• Supplied entries:
---+---
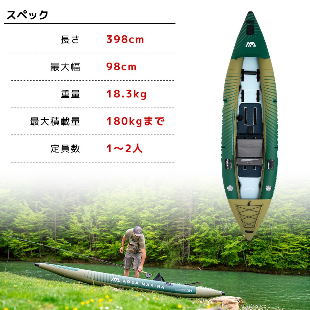 AQUA MARINA(アクアマリーナ)CALIBER カリバー カヤック インフレータブル 1~2人乗り商品番号:CA-398 メーカー希望価格:¥182,600 【2026年末年始福袋セール 】SUP・カヤック ¥87,120(税込) セール期間: 2025/12/25〜2026/01/13 獲得予定ポイント:870ポイント ショッピングモールでの取り扱い情報 楽天市場店 ¥87,120 Yahoo!店 ¥87,120 送料 北海道 青森県 岩手県 宮城県 秋田県 山形県 福島県 茨城県 栃木県 群馬県 埼玉県 千葉県 東京都 神奈川県 山梨県 長野県 新潟県 富山県 石川県 福井県 岐阜県 静岡県 愛知県 三重県 滋賀県 京都府 大阪府 兵庫県 奈良県 和歌山県 鳥取県 島根県 岡山県 広島県 山口県 徳島県 香川県 愛媛県 高知県 福岡県 佐賀県 長崎県 熊本県 大分県 宮崎県 鹿児島県 沖縄県 ※送料について [注意事項]※離島(全国)は沖縄県の送料になります。 在庫状況 在庫あり ※説明を見る 注意マーク 注文数量 ▲ ▼ 購入ボタン
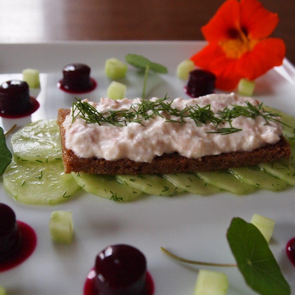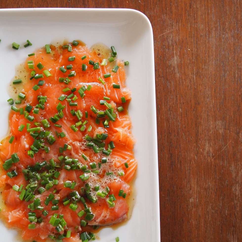 Sashimi vom Lachs mit Nussbutter und Schnittlauch
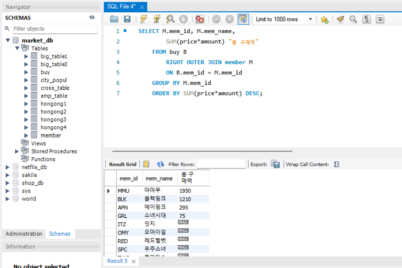 2) 구매한 적이 없어도 회원 테이블에 있는 회원은 모두 출력해야 하므로 INNER JOIN을 RIGHT OUTER JOIN으로 변경함.
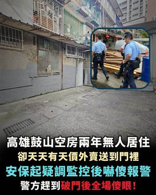 高雄鼓山空房兩年無人居住,卻天天有天價外賣送到門裡,安保起疑調監控瞬間報警,警方趕到破門後全場傻眼!
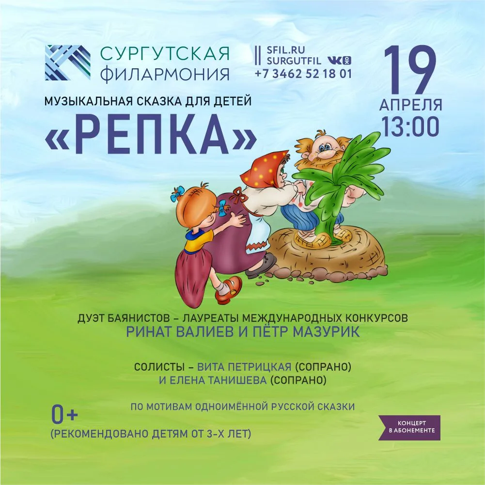 19 апреля в 13:00 - Музыкальная сказка для детей «Репка». Программа представляет собой занимательную версию русской народной сказки «Репка», рассказанную в сопровождении дуэта баянистов - Рината Валиева и Петра Мазурика.
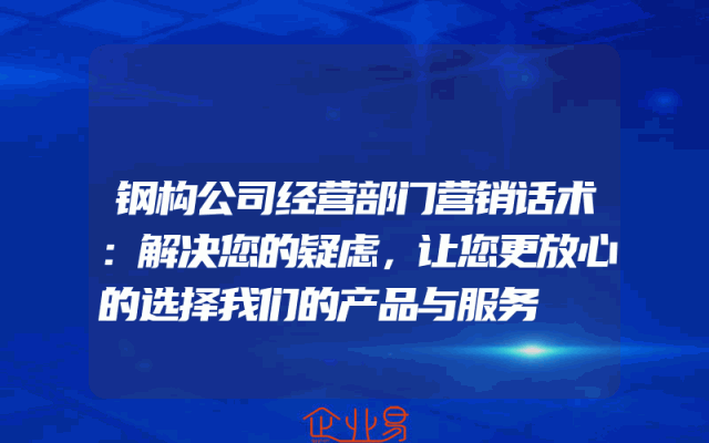 - 钢构公司经营部门营销话术:解决您的疑虑,让您更放心的选择我们的产品与服务
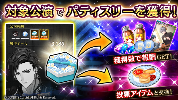 投票アイテム「スイートアソート」をキャストに贈ることで、キャストは投票ptを獲得でき、ポイントが大きい方が順位が高くなります。
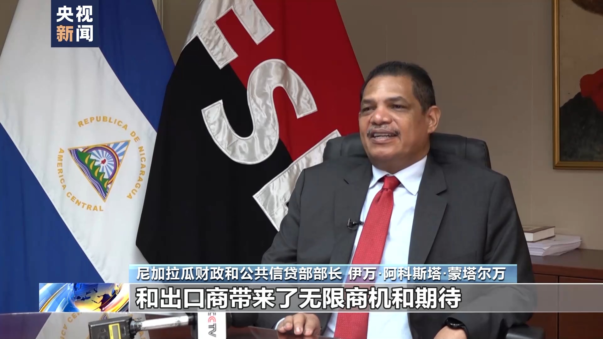 尼加拉瓜财政和公共信贷部部长 伊万·阿科斯塔·蒙塔尔万:进博会为尼加拉瓜贸易商和出口商带来了无限商机和期待,这是他们第一次接触如此巨大的市场,也是尼加拉瓜生产商和经济发展多年来一直期待的机会。
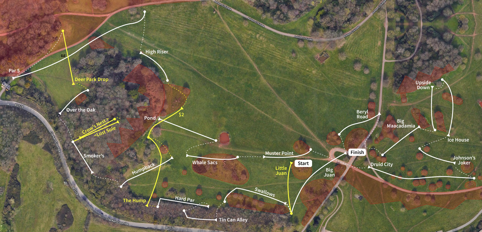 These maps are meant to accompany UDisc, which does a great job of locating you and showing you the next tee, but doesn’t allow us to indicate OB areas or add additional notes.
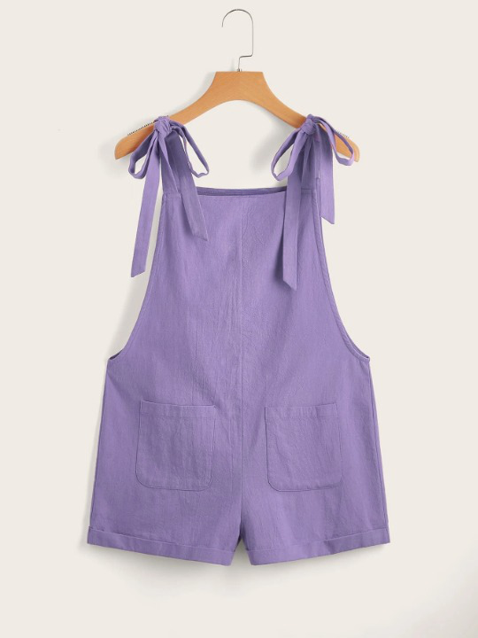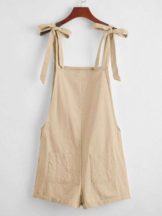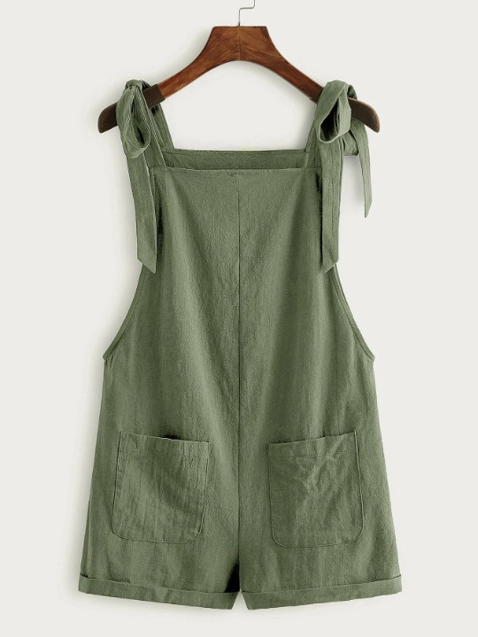 Knot Strap Pocket Patched Pinafore Romper
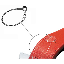 Хомутик для подвешивания ценников, карманов. Защелкивается в петлю, предназначен для одноразового использования.
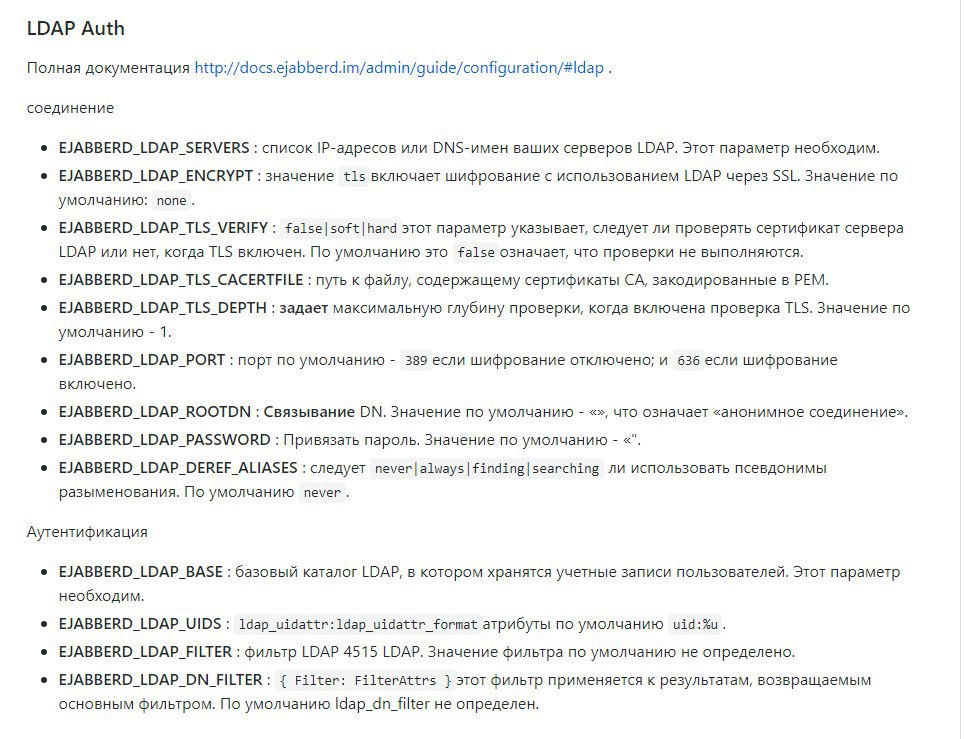 Поднимаю ejabberd чат, в настройках есть LDAP аутентификация. Эти параметры, небходимо передавать вместе с контейнером или внутри его редактировать ?
---+---
• Task brief: The reply should hold the entries above from the line with "Sashimi vom Lachs" to the line with "19 апреля в", duplicated exactly, pictures excluded.

• Problem solution:
 Sashimi vom Lachs mit Nussbutter und Schnittlauch
 2) 구매한 적이 없어도 회원 테이블에 있는 회원은 모두 출력해야 하므로 INNER JOIN을 RIGHT OUTER JOIN으로 변경함.
 高雄鼓山空房兩年無人居住,卻天天有天價外賣送到門裡,安保起疑調監控瞬間報警,警方趕到破門後全場傻眼!
 19 апреля в 13:00 - Музыкальная сказка для детей «Репка». Программа представляет собой занимательную версию русской народной сказки «Репка», рассказанную в сопровождении дуэта баянистов - Рината Валиева и Петра Мазурика.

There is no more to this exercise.